● Instructions to follow
The required output is the lines from the one with "The Dolby Vision" through the end of the data, repeated verbatim, with no pictures included.

● Provided material
-- -- --
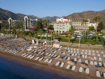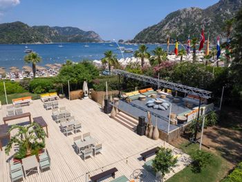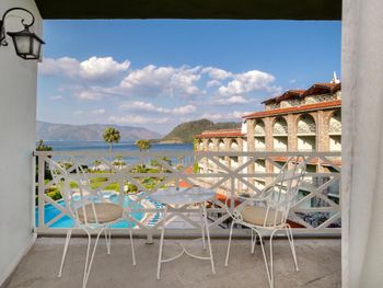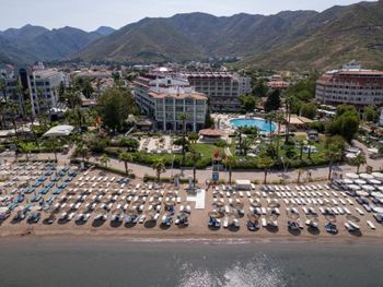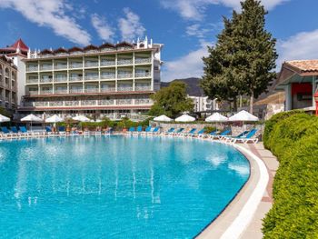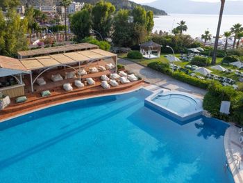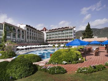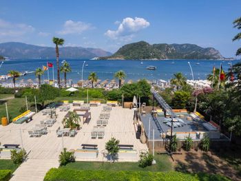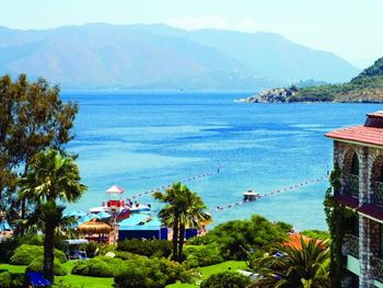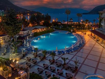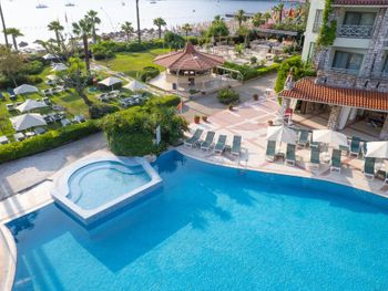 Отличное место. Все цветет. Живописно. Питание. Три вида рыбы на обед и ужин. Отличные баклажаны и овощи на гриле. Мяса практически не было. Арбуз и дыня - каждый день. Пиво хорошее. Очень вкусный кофе по-турецки в баре лобби. Мороженое и выпечка - по расписанию. Питьевая вода в бутылках в свободном доступе в лобби. Хороший вид из номера (боковой на море), хотя бронировали с видом на лес. Звукоизоляция нормальная. Променад вдоль моря до Мармариса. Хорошее транспортное сообщение с городом (маршрутки и кораблики). Колоритный Старый город в Мармарисе. Прекрасный отель за свои деньги. Совет: не зацикливаться и не заострять внимание на небольших недостатках. С удовольствием посоветовала бы отель друзьям
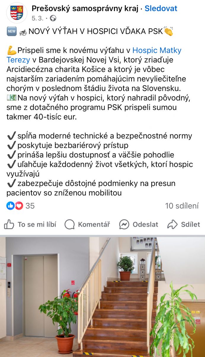 The benefits of the new lift were also recognized by the Prešov Region on their official Facebook page (link with video HERE). They highlighted the modern technical and safety standards, barrier-free access, and dignified conditions for transporting patients.
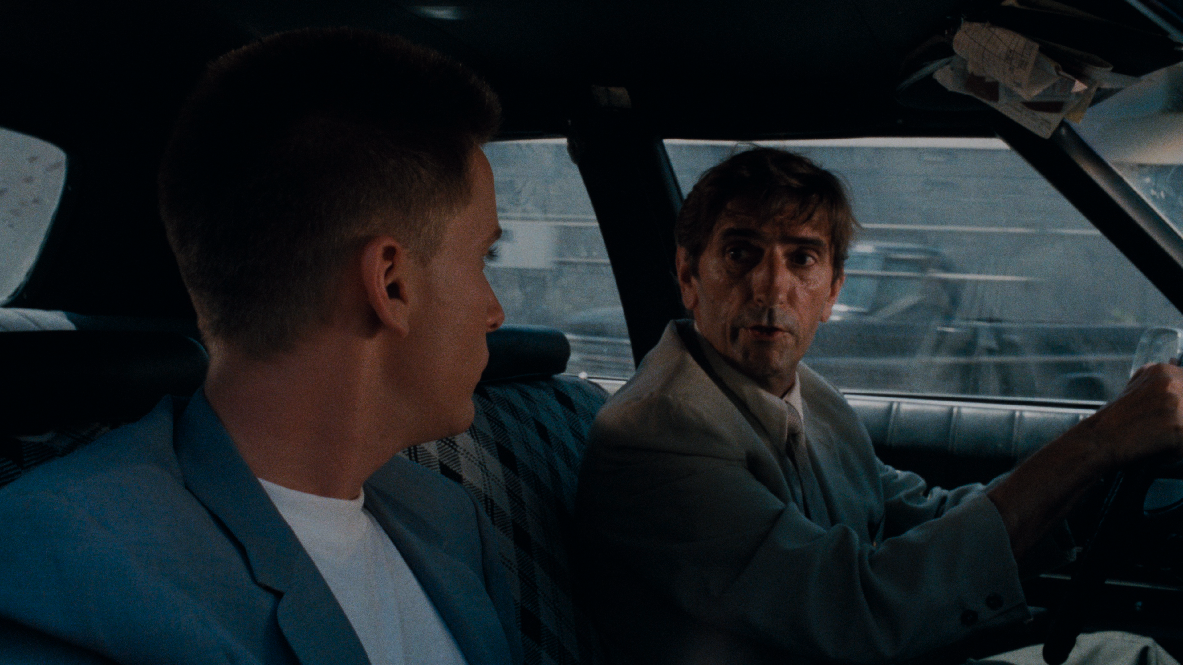 The Dolby Vision HDR presentation boasts a spot-on contrast and brightness balance showering the action in clean, crisp whites and inky rich blacks, and the nighttime sequences come with dark, velvety shadows and outstanding delineation within the darkest corners of the frame. Specular highlights supply a radiant, realistic glean along the various vehicles and a blooming glow to light sources without washing over the finer details. The rough, gritty and yellow grimy appeal of Robby Müller's photography is more prominent and noticeable — accurate to the filmmaker's aesthetic intentions — but also enjoys a generous boost in the colors, flaunting deeper, more sumptuous primaries, especially the reds and greens, while the softer pastel hues also look fuller and more animated. Facial complexions appear more accurately rendered with a peachy-rose, sometimes sunburnt tone in the cast and revealing, lifelike textures in the faces.
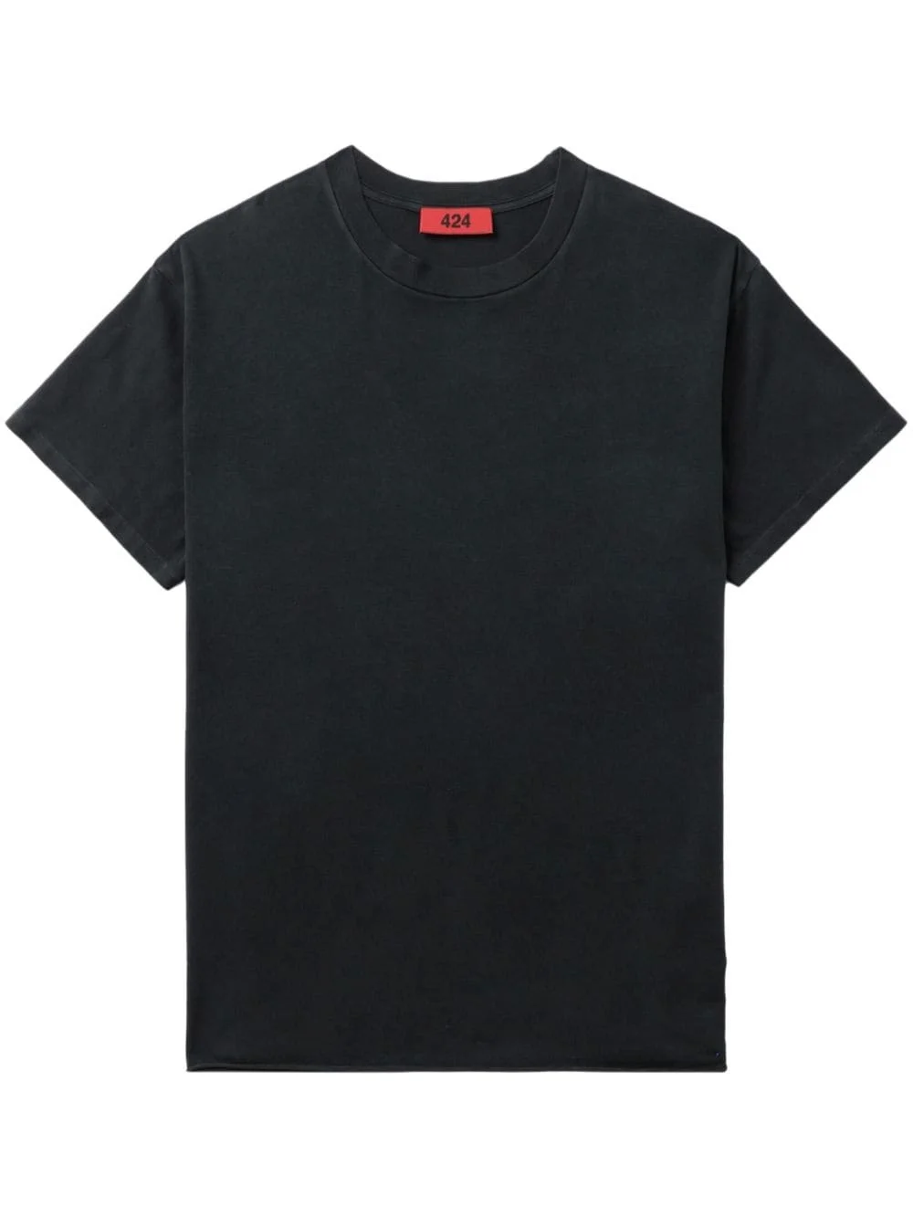 round-neck short-sleeve T-shirt Highlights - Black - Cotton blend - Lightweight jersey - Washed - Round neck - Short sleeves - Straight hem Made in Italy Composition Cotton 95%, Elastane 5%
-- -- --
● Task response
 The Dolby Vision HDR presentation boasts a spot-on contrast and brightness balance showering the action in clean, crisp whites and inky rich blacks, and the nighttime sequences come with dark, velvety shadows and outstanding delineation within the darkest corners of the frame. Specular highlights supply a radiant, realistic glean along the various vehicles and a blooming glow to light sources without washing over the finer details. The rough, gritty and yellow grimy appeal of Robby Müller's photography is more prominent and noticeable — accurate to the filmmaker's aesthetic intentions — but also enjoys a generous boost in the colors, flaunting deeper, more sumptuous primaries, especially the reds and greens, while the softer pastel hues also look fuller and more animated. Facial complexions appear more accurately rendered with a peachy-rose, sometimes sunburnt tone in the cast and revealing, lifelike textures in the faces.
 round-neck short-sleeve T-shirt Highlights - Black - Cotton blend - Lightweight jersey - Washed - Round neck - Short sleeves - Straight hem Made in Italy Composition Cotton 95%, Elastane 5%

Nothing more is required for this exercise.